摘要: 针对无人机航拍图像小目标占比大和背景复杂的特点,当前目标检测模型存在精度低和小目标漏检等问题。基于YOLOv8s模型,提出了三维多层次特征协同的无人机遥感目标检测算法。首先,在坐标注意力的基础上提出了三维多分支坐标注意力(MBCA),通过增加通道维度的信息交互和扩展分支的拆分融合,减少空间维度的计算量,提高了模型全局特征提取能力。其次,采用SPD-Conv替换部分标准卷积,在下采样时有效保留更多特征信息并加快推理速度。然后,在C2f模块中采用了更高效的FastDBB_Bottleneck模块,结合PConv与DBB结构重参数化叠加,以进一步降低模型计算量。最终,通过引入PG-Detect检测头,显著减少计算量并有效降低小目标的漏检率。在VisDrone2019数据集上的实验结果显示,该方法的mAP50值达到了44.5%,较YOLOv8s基线模型提升了5.7个百分点。同时,在自建水坝裂缝数据集上,进行裂缝检测验证实验,改进方法的mAP50值相比YOLOv8s提升了3.3个百分点,FPS达到289帧。实验结果表明在复杂场景目标检测中,所提方法提升了检测模型的精度和实时性,具有良好的适应性和鲁棒性。

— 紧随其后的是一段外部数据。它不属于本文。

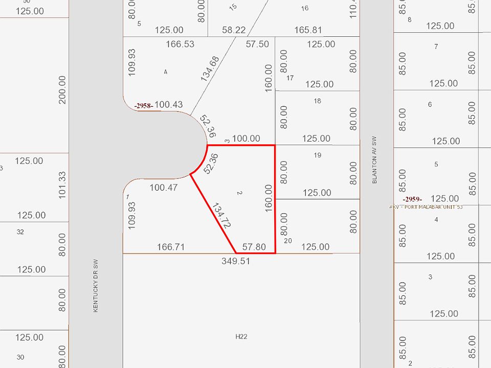 Site Address: 1947 and 1955 Kentucky Dr SW Palm Bay FL 32908Parcel ID: 29-36-22-KV-2958-2 and 29-36-22-KV-2958-1Port Malabar Unit 53Utilities: NonProperty Taxes 2016: $28.50 per lotOver-sized 0.66 acre Vacant Lot Zoned Residential. These side by side lots are conveniently located near the new under construction Palm Bay Parkway. Only minutes to Publix Shopping and the Westside Elementary and Bayside High Schools. There are no utilities available in this area yet, therefore there is no construction allowed in the area for now, with the cities growth and once power lines are taken out, this will make for a great home-site. Seller will consider selling with terms! (short term financing, no interest)Price advertise is per lot, both lots must be purchased together.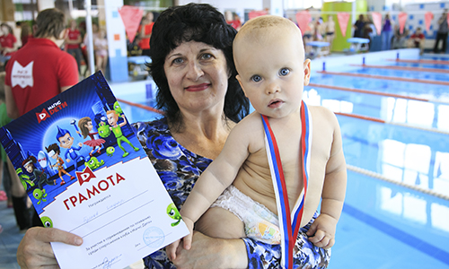 В большом бассейне (25 м.!) наравне со старшими ребятишками свои силы показывали малыши от года до трех. Самому юному участнику на момент соревнований было 364 дня!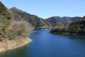 美しいダム湖にうっとり 14時32分 赤い橋の上から青く輝く湖面を見つめる。 のんびり |

关键词: 无人机遥感, 三维多分支坐标注意力(MBCA), YOLOv8, 多层次特征融合, 小目标检测

Abstract: To solve the large proportion of small targets and complex background in UAV (unmanned aerial vehicle) aerial image, the current object detection model has the problems of low accuracy and missed detection of small targets. Based on the YOLOv8s model, this paper proposes a 3D multi-layer feature collaboration UAV remote sensing object detection algorithm. Firstly, based on the coordinate attention, this paper proposes 3D multi-branch coordinate attention (MBCA), which improves the global feature extraction ability of the model and reduces the computation of spatial dimension by increasing the information interaction of channel dimension and the splitting and fusion of extended branches. Secondly, SPD-Conv is used to replace part of the standard convolution, which effectively retains more feature information and speeds up inference during downsampling. Then, a more efficient FastDBB_Bottleneck module is used in the C2f module, combining PConv and DBB structure reparameterization superposition to further reduce the calculation of the model. Finally, PG-Detect detection head is introduced to significantly reduce the calculation and effectively reduce the missed detection rate of small targets. Experimental results on the VisDrone2019 dataset show that the mAP50 value of the proposed method reaches 44.5%, which is 5.7 percentage points higher than that of the YOLOv8s baseline model. Simultaneously, the crack detection verification experiment is carried out on the self-built dam crack dataset, and the mAP50 value of the improved method is 3.3 percentage points higher than that of YOLOv8s, the FPS reaches 289 frames. Experimental results show that the proposed method improves the accuracy and real-time performance of the detection model in complex scene object detection, and has good adaptability and robustness.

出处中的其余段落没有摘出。